April 22, 1998
Jewish Concern Grows as Scientists Deepen Studies of
Ashkenazi Genes
By SHERYL GAY STOLBERG
n
a snowy night in January 1996, a handful of Boston
scientists convened some of the city's most prominent
Jews for a quiet, off-the-record briefing. Over
sandwiches and cookies, the rabbis and leaders of Jewish
groups learned of the latest research on a breast cancer
gene that occurs with startling frequency in American
Jews of central and eastern European descent.
Then Dr. Judy Garber, a breast cancer researcher at
the Dana-Farber Cancer Institute, posed a question to the
guests: Would their organizations cooperate in future
studies of this gene and its implications for these Jews,
called Ashkenazis, and their families?
To Dr. Garber's surprise, the answer was a polite but
firm "No."
"The feeling was, 'Why us?"' said a guest,
Nancy Kaufman, executive director of the Jewish Community
Relations Council of Greater Boston. "There was
concern about targeting Jewish women, of making this
appear that this is a Jewish issue when it isn't."

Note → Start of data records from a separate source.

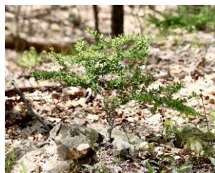
Young shrub in the forest

Japanese barberry readily spreads in open areas such as fields and abandoned lots, but is also shade-tolerant. Self-fertile, one plant is capable of spreading progeny. In addition to via berries, it can reproduce by rooting from the tips of arching branches that reach the ground, and by producing stems from the base of the plant and roots.
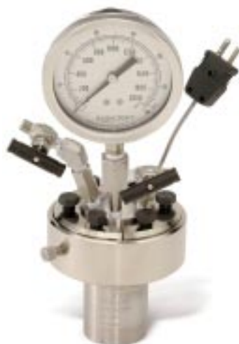
Model 4791, 25 mL Vessel

A ll 4790 Vessels come with dip tube, three valves, gage, rupture disc, and thermocouple.
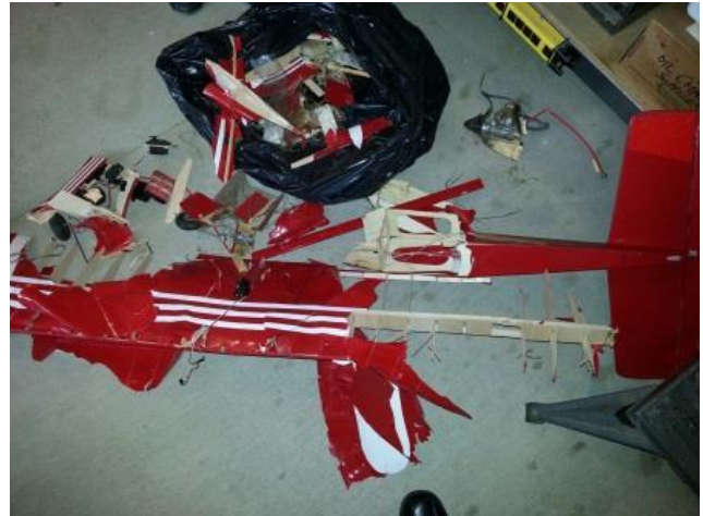
Close-up of what is left...

Typical Greg, all smiles in-spite of the carnage. A true veteran of many crashed airplanes. This is worth 10 points, Art..!

Over the past few years, that concern has mushroomed,
as scientists have become acutely interested in the
genetic idiosyncrasies of Ashkenazi Jews. That is not
because these Jews have more defective DNA than any other
ethnic group -- they do not. Nor is it because Ashkenazis
in general have higher rates of hereditary disease than
other groups -- they do not. Rather, centuries of living
and marrying within the confines of ghettoes have
produced a relatively homogenous population in which tiny
genetic alterations, or mutations, that cause disease are
easy to find.
While other isolated populations, most notably the
Amish, the American Indians, Finns and Icelanders, are
being studied with similar intensity, perhaps no group is
as conflicted about its role as study subjects as the
Jews. The reason is obvious: No other group carries the
psychological scars of the Holocaust, a calculated
extermination attempt rooted in the notion that Jews were
genetically inferior.
"There is a historical context to this that I
don't think you can ignore," said Dr. Michael
Grodin, a professor of Jewish law and medicine at Boston
University, who has written extensively on Nazi Germany.
"People are anxious."
"We are getting a bad reputation," said
Rabbi Moshe David Tendler, who teaches medical ethics at
Yeshiva University in Manhattan. "All the bad genes
you talk about are Jewish genes. Why? Because we have a
wonderful genetic population to study, and so everybody
heads for the Ashkenazi Jew. It's like a gold mine."
Indeed, Ashkenazis, whose ancestors are from Central
and Eastern Europe and who make up 90 percent of the six
million Jews living in the United States, have
contributed greatly to scientific understanding of the
way genes influence disease in Jews and non-Jews alike.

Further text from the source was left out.